TASK STATEMENT:
Give the listing back in full, exactly as written, with the pictures removed.

SUPPLIED INFORMATION:
★ ★ ★

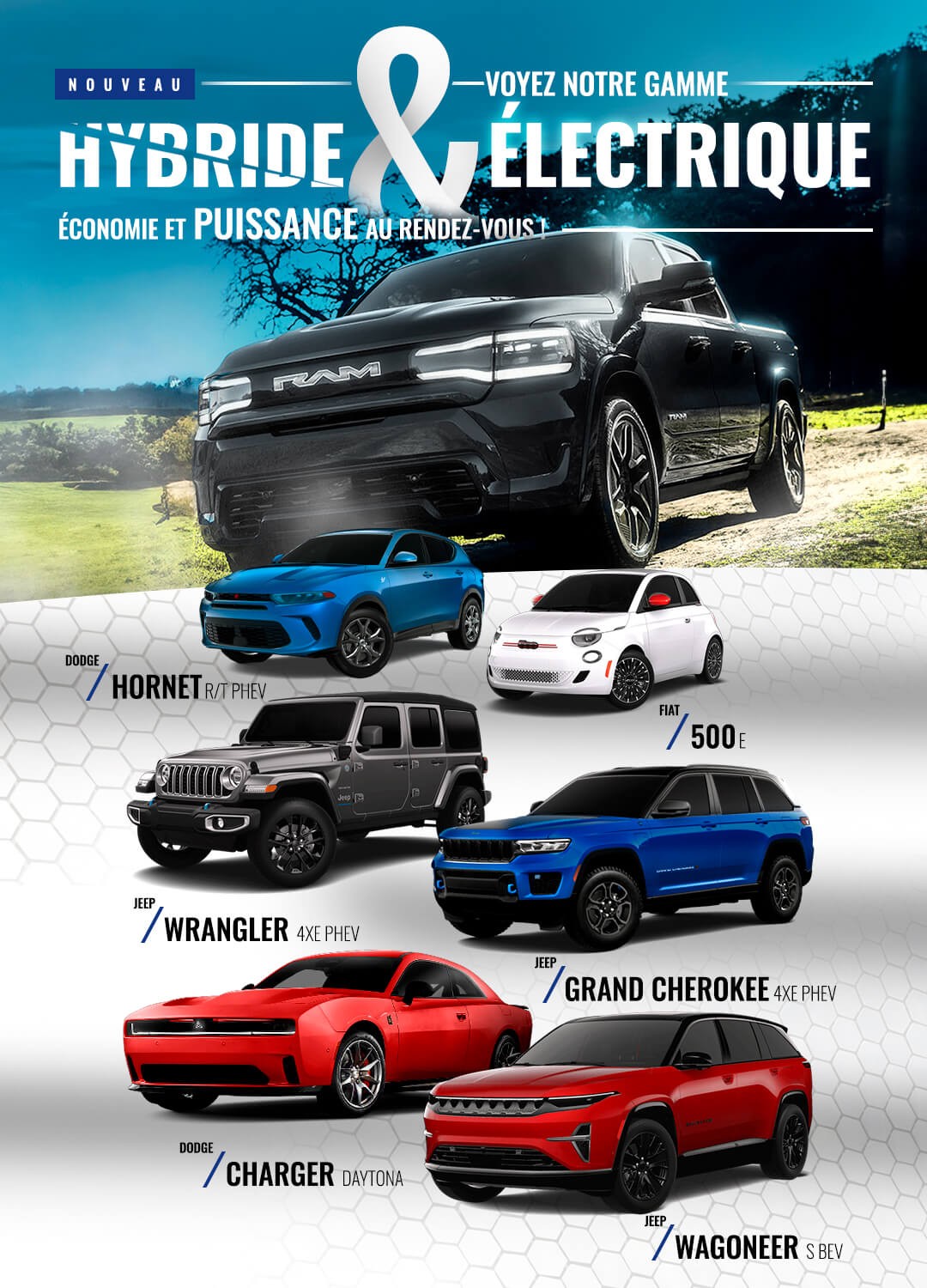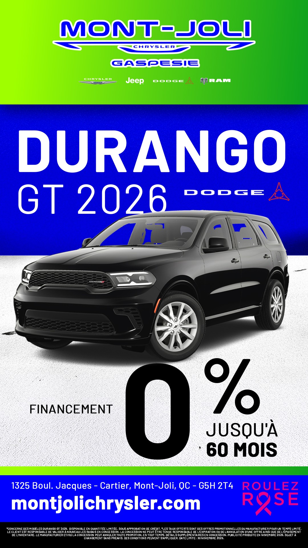 À la recherche d'offres imbattables sur les véhicules Chrysler, Jeep, RAM et Dodge? Ne cherchez pas plus loin! Chez Mont-Joli Chrysler, nous sommes fiers de vous proposer des promotions exceptionnelles sur toute la gamme de véhicules Chrysler, Jeep, RAM et Dodge. Que vous soyez intéressé par une berline élégante, un puissant camion 4x4, un VUS spacieux ou un véhicule utilitaire robuste, nos offres spéciales sont conçues pour vous offrir un rapport qualité-prix inégalé. Nos promotions en cours vous permettent d'économiser gros sur l'achat d'un véhicule Chrysler, Jeep, RAM et Dodge neuf ou d'occasion. Profitez de rabais exceptionnels, de taux de financement avantageux et d'incitatifs uniques qui rendent l'acquisition de votre véhicule Chrysler, Jeep, RAM et Dodgeencore plus attrayante. Notre équipe dévouée est là pour vous guider à travers toutes les promotions disponibles, afin de vous assurer de tirer le meilleur parti de votre investissement automobile. Que vous soyez un passionné de la performance, de la technologie, de la sécurité ou du style, les véhicules Chrysler, Jeep, RAM et Dodge offrent une gamme diversifiée de modèles qui répondront à toutes vos attentes. Ne manquez pas l'opportunité de posséder un véhicule Stellantis de qualité supérieure tout en profitant d'offres exceptionnelles. Visitez-nous dès aujourd'hui chez Mont-Joli Chrysler pour découvrir nos promotions en cours et pour faire l'essai de ces incroyables véhicules Stellantis. Ne laissez pas passer cette occasion de conduire avec style, performance et fiabilité, le tout à des prix avantageux. Chez nous, vous êtes sûr de trouver la meilleure offre sur votre prochain véhicule Chrysler, Jeep, RAM et Dodge. Rendez-vous chez Mont-Joli Chrysler et économisez gros sur votre achat automobile!
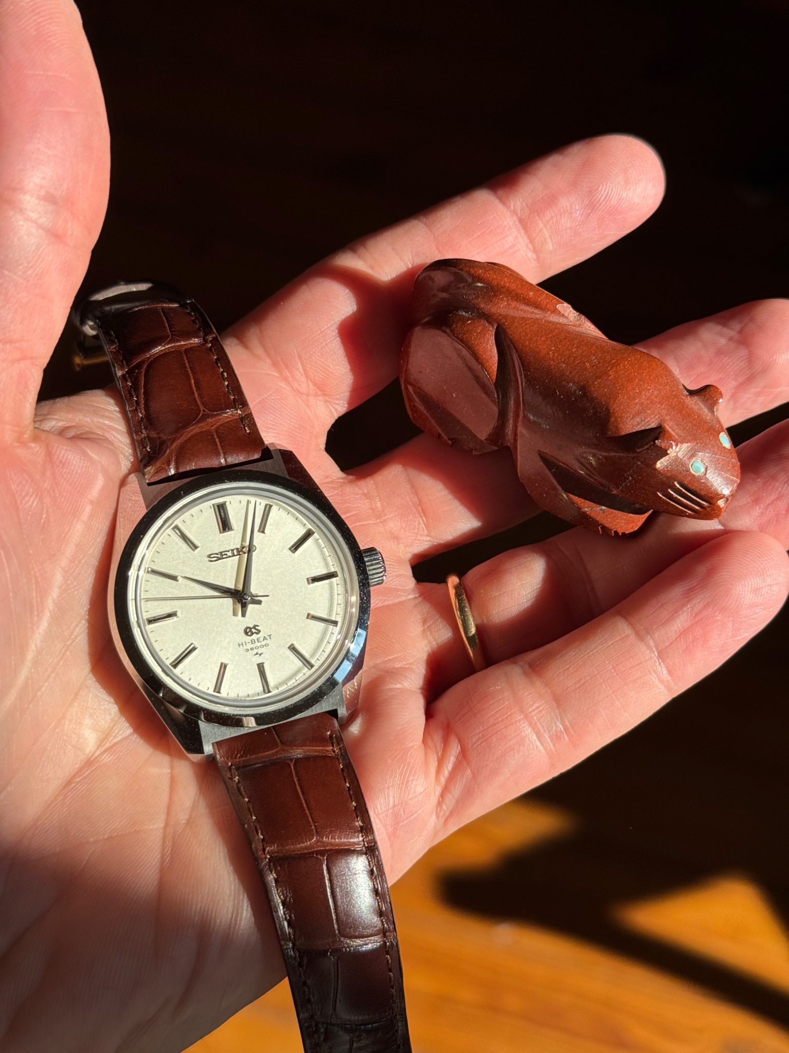 And the Grand Seiko SLGW005, here with one of my Zuni fetishes. I love the angular “Grammar of design” case, the late 60s vibe and the movement with the wagtail bird-shaped spring click.
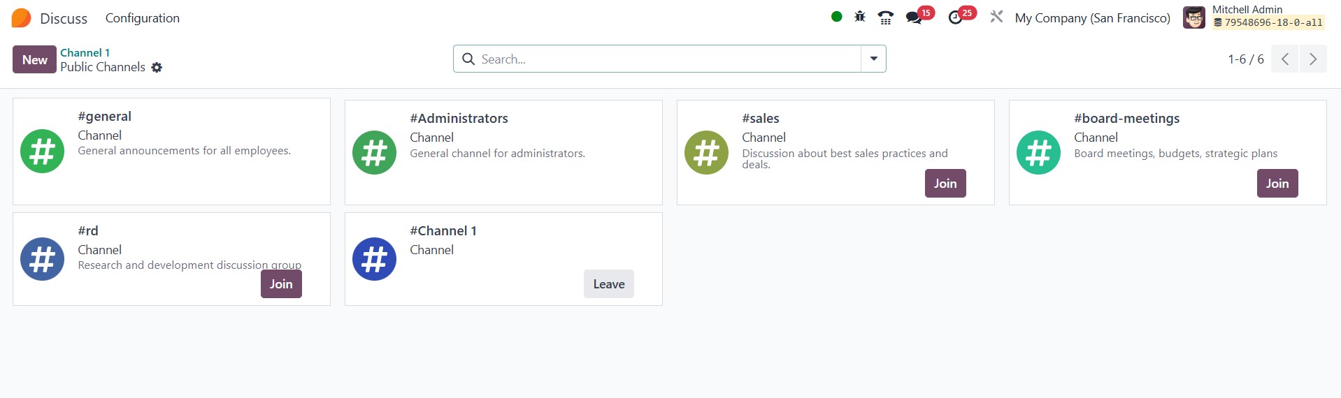 The Discuss module in Odoo 18 Enterprise Edition provides users with
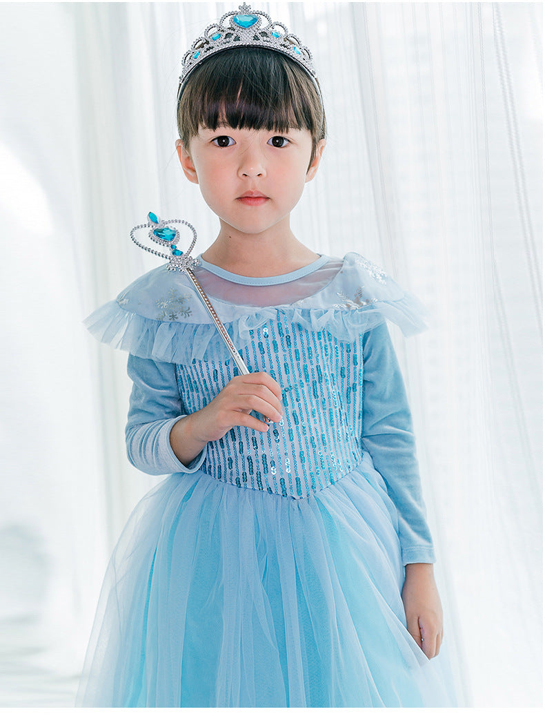 Kori Deer可莉鹿 女童萬聖節變裝派對造型服裝公主服-多款-長袖-冰雪艾莎亮片(禮服造型攝影寫真)

★ ★ ★

OUTPUT OF THE TASK:
 À la recherche d'offres imbattables sur les véhicules Chrysler, Jeep, RAM et Dodge? Ne cherchez pas plus loin! Chez Mont-Joli Chrysler, nous sommes fiers de vous proposer des promotions exceptionnelles sur toute la gamme de véhicules Chrysler, Jeep, RAM et Dodge. Que vous soyez intéressé par une berline élégante, un puissant camion 4x4, un VUS spacieux ou un véhicule utilitaire robuste, nos offres spéciales sont conçues pour vous offrir un rapport qualité-prix inégalé. Nos promotions en cours vous permettent d'économiser gros sur l'achat d'un véhicule Chrysler, Jeep, RAM et Dodge neuf ou d'occasion. Profitez de rabais exceptionnels, de taux de financement avantageux et d'incitatifs uniques qui rendent l'acquisition de votre véhicule Chrysler, Jeep, RAM et Dodgeencore plus attrayante. Notre équipe dévouée est là pour vous guider à travers toutes les promotions disponibles, afin de vous assurer de tirer le meilleur parti de votre investissement automobile. Que vous soyez un passionné de la performance, de la technologie, de la sécurité ou du style, les véhicules Chrysler, Jeep, RAM et Dodge offrent une gamme diversifiée de modèles qui répondront à toutes vos attentes. Ne manquez pas l'opportunité de posséder un véhicule Stellantis de qualité supérieure tout en profitant d'offres exceptionnelles. Visitez-nous dès aujourd'hui chez Mont-Joli Chrysler pour découvrir nos promotions en cours et pour faire l'essai de ces incroyables véhicules Stellantis. Ne laissez pas passer cette occasion de conduire avec style, performance et fiabilité, le tout à des prix avantageux. Chez nous, vous êtes sûr de trouver la meilleure offre sur votre prochain véhicule Chrysler, Jeep, RAM et Dodge. Rendez-vous chez Mont-Joli Chrysler et économisez gros sur votre achat automobile!
 And the Grand Seiko SLGW005, here with one of my Zuni fetishes. I love the angular “Grammar of design” case, the late 60s vibe and the movement with the wagtail bird-shaped spring click.
 The Discuss module in Odoo 18 Enterprise Edition provides users with
 Kori Deer可莉鹿 女童萬聖節變裝派對造型服裝公主服-多款-長袖-冰雪艾莎亮片(禮服造型攝影寫真)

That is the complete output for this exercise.